→ **Task**: Leave the images aside and repeat the whole listing exactly.

◆ ◆ ◆ ◆

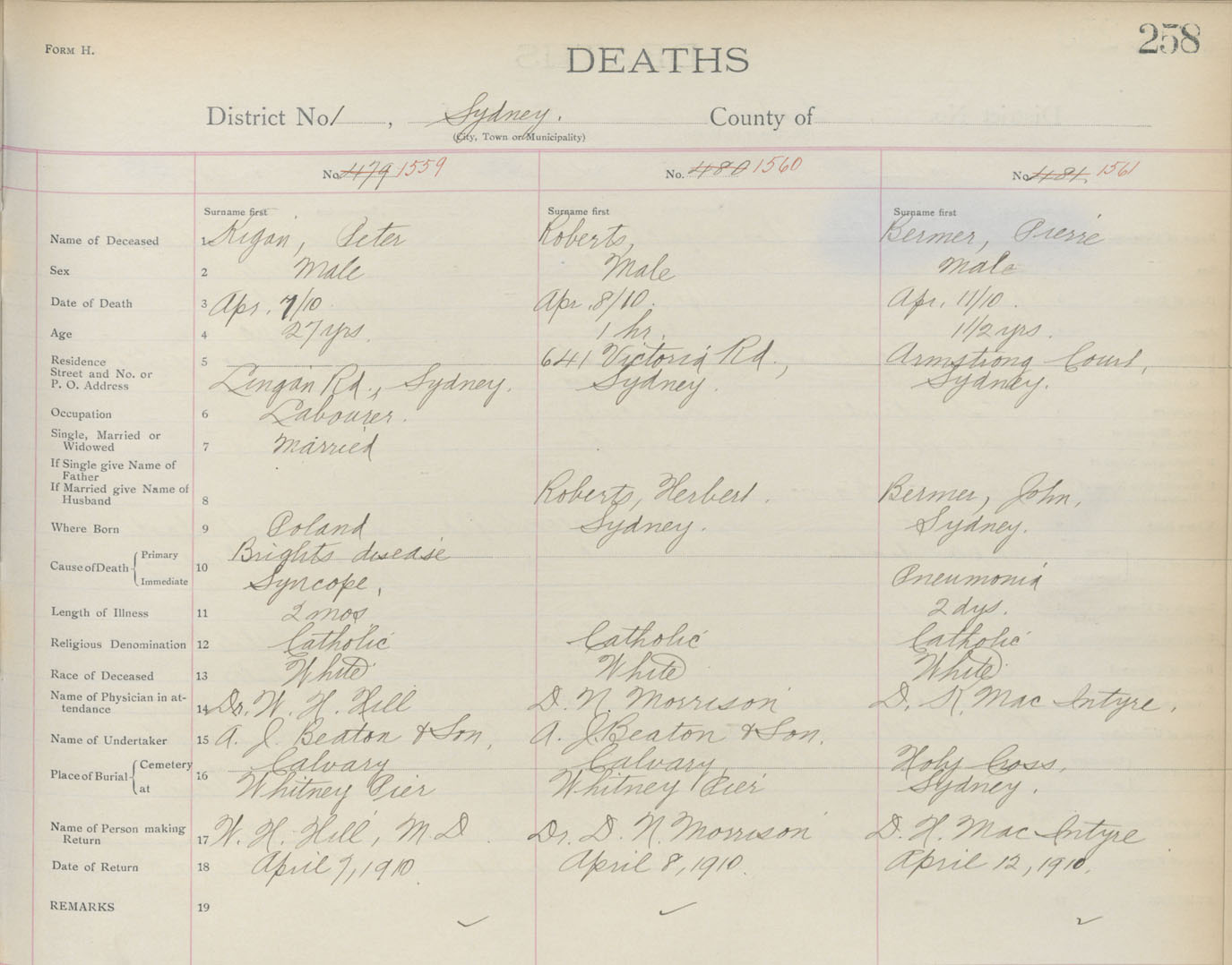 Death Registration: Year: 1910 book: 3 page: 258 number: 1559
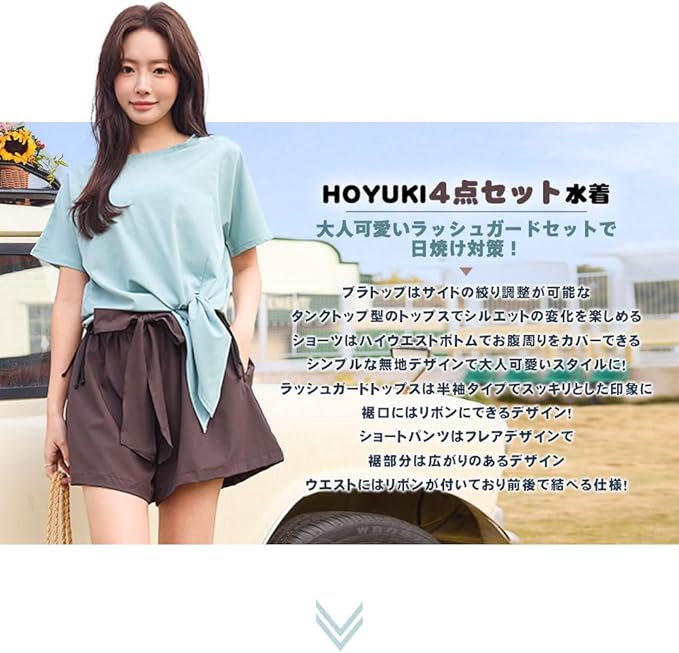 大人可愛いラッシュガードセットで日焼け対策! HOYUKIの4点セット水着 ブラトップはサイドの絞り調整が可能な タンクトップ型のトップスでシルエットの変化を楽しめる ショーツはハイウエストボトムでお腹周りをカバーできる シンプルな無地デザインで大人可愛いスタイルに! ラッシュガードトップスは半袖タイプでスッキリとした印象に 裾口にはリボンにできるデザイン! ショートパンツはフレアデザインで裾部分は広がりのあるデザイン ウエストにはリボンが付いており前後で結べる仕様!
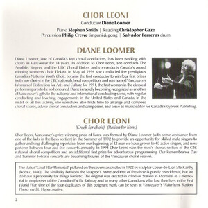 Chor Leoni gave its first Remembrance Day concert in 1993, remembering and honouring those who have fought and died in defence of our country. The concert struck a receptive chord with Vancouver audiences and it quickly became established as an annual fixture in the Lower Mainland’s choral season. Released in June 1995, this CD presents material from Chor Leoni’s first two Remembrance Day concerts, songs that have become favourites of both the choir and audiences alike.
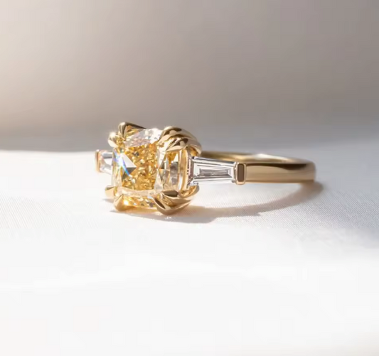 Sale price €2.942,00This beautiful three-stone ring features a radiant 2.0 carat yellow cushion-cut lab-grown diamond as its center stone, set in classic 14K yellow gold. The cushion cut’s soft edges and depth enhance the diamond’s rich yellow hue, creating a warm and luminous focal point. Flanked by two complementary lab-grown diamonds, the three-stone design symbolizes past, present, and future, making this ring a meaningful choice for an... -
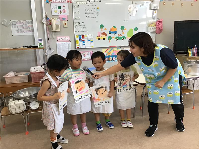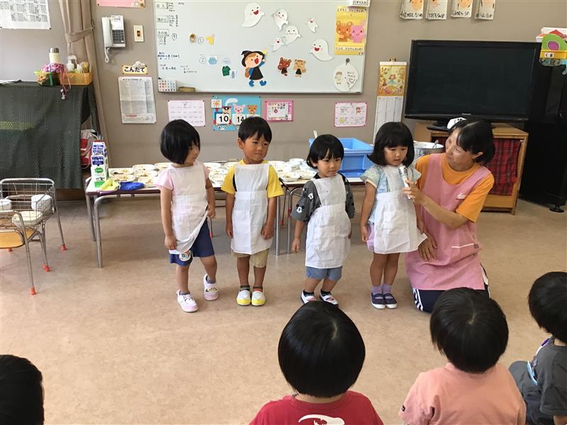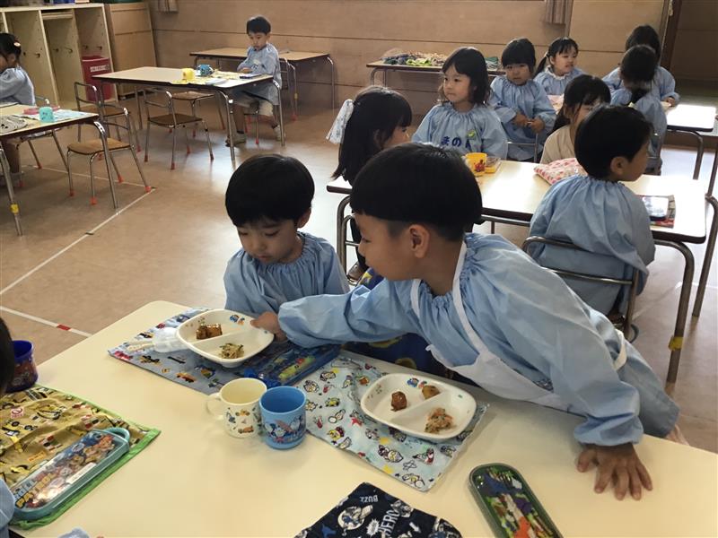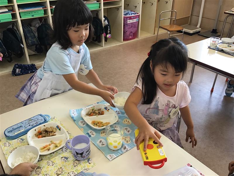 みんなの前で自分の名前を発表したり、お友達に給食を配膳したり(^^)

◆ ◆ ◆ ◆

→ **Response**:
 Death Registration: Year: 1910 book: 3 page: 258 number: 1559
 大人可愛いラッシュガードセットで日焼け対策! HOYUKIの4点セット水着 ブラトップはサイドの絞り調整が可能な タンクトップ型のトップスでシルエットの変化を楽しめる ショーツはハイウエストボトムでお腹周りをカバーできる シンプルな無地デザインで大人可愛いスタイルに! ラッシュガードトップスは半袖タイプでスッキリとした印象に 裾口にはリボンにできるデザイン! ショートパンツはフレアデザインで裾部分は広がりのあるデザイン ウエストにはリボンが付いており前後で結べる仕様!
 Chor Leoni gave its first Remembrance Day concert in 1993, remembering and honouring those who have fought and died in defence of our country. The concert struck a receptive chord with Vancouver audiences and it quickly became established as an annual fixture in the Lower Mainland’s choral season. Released in June 1995, this CD presents material from Chor Leoni’s first two Remembrance Day concerts, songs that have become favourites of both the choir and audiences alike.
 Sale price €2.942,00This beautiful three-stone ring features a radiant 2.0 carat yellow cushion-cut lab-grown diamond as its center stone, set in classic 14K yellow gold. The cushion cut’s soft edges and depth enhance the diamond’s rich yellow hue, creating a warm and luminous focal point. Flanked by two complementary lab-grown diamonds, the three-stone design symbolizes past, present, and future, making this ring a meaningful choice for an... -
 みんなの前で自分の名前を発表したり、お友達に給食を配膳したり(^^)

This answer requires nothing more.